A tree diagram is a tool in the fields of general mathematics, probability, and statistics that helps calculate the number of possible outcomes of an event or problem, and to cite those potential outcomes in an organized way.

Tree diagrams, also known as probability trees or decision trees, are quite versatile and may be useful in many fields, including finance.

### Understanding Tree Diagram in Mathematics

A tree diagram lets a user start at a single point and make mutually exclusive decisions or experience mutually exclusive events to follow a path down the branches of the tree. Using a tree diagram is simple once you assign the appropriate values to each node. Chance nodes, representing a possible outcome, must be assigned a probability. Decision nodes ask a question and must be followed by answer nodes, such as "yes" or "no." Often, a value will be associated with a node, such as a cost or a payout. Tree diagrams combine the probabilities, decisions, costs, and payouts of a decision and provide a strategic answer.

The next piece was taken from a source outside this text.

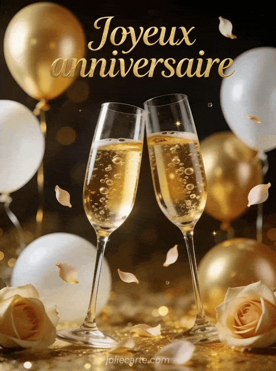 Célébrez avec ces coupes de champagne trinquant sous les ballons dorés pour un anniversaire féminin festif. Voyez aussi un jardin enchanté, un bouquet et ballons ou un gif hérisson.

In finance, we can model the price of a put or call option using a decision tree given the price of the underlying security at a given point in time.

### How Do Tree Diagrams Work?

The idea behind a tree diagram is to start on the left with the whole thing, or one. Every time several possible outcomes exist the probability in that branch splits off into a smaller branch for each outcome.

The diagram starts at a single node, with branches emanating to additional nodes, which represent mutually exclusive decisions or events. In the diagram below, the analysis will begin at the first blank node. A decision or event will then lead to node A or B. From these secondary nodes, additional decisions or events will occur leading to the third level of nodes until a conclusion is reached.